=== Information provided ===
● ● ●
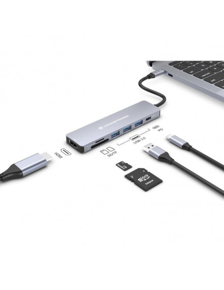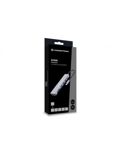 Docking Station Conceptronic DONN19G - Hub USB-C 7 em 1 com HDMI, 3x USB-A, USB-C PD 100W e Leitor de Cartões SD/MicroSD
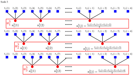 Step 2: Construct coarse-grained time series from the series and with the scale factor , respectively. Then we get and . Each point of the k-th coarse-grained time series at a scale factor of is defined as
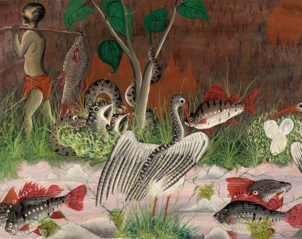 With a total lack of perspective, on a flat landscape, disproportionate nestlings, endless reptiles and fishes in the midst of clouds evolve in the indifference of the fisherman.
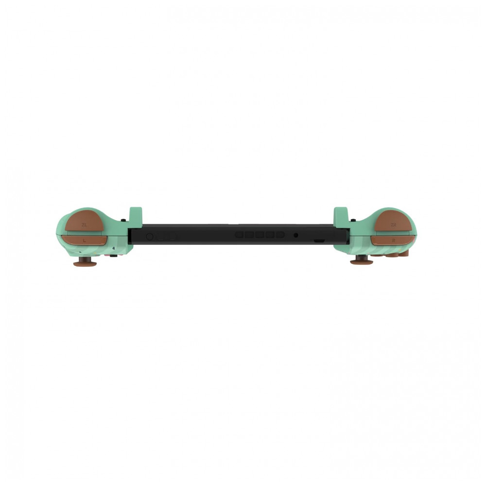 O Hori Split Pad Pro Pikachu e Eevee é um conjunto de controladores em formato completo para uso em modo portátil no Nintendo Switch, oferecendo experiência semelhante a um controle tradicional acoplado aos trilhos laterais do console. Cada módulo apresenta alças maiores, analógicos de tamanho ampliado, gatilhos largos e direcional em formato de cruz, priorizando precisão de comando e conforto em sessões prolongadas de jogo.
● ● ●
=== Required action ===
What is needed is an exact reproduction of the data, pictures excluded.

=== Response area ===
 Docking Station Conceptronic DONN19G - Hub USB-C 7 em 1 com HDMI, 3x USB-A, USB-C PD 100W e Leitor de Cartões SD/MicroSD
 Step 2: Construct coarse-grained time series from the series and with the scale factor , respectively. Then we get and . Each point of the k-th coarse-grained time series at a scale factor of is defined as
 With a total lack of perspective, on a flat landscape, disproportionate nestlings, endless reptiles and fishes in the midst of clouds evolve in the indifference of the fisherman.
 O Hori Split Pad Pro Pikachu e Eevee é um conjunto de controladores em formato completo para uso em modo portátil no Nintendo Switch, oferecendo experiência semelhante a um controle tradicional acoplado aos trilhos laterais do console. Cada módulo apresenta alças maiores, analógicos de tamanho ampliado, gatilhos largos e direcional em formato de cruz, priorizando precisão de comando e conforto em sessões prolongadas de jogo.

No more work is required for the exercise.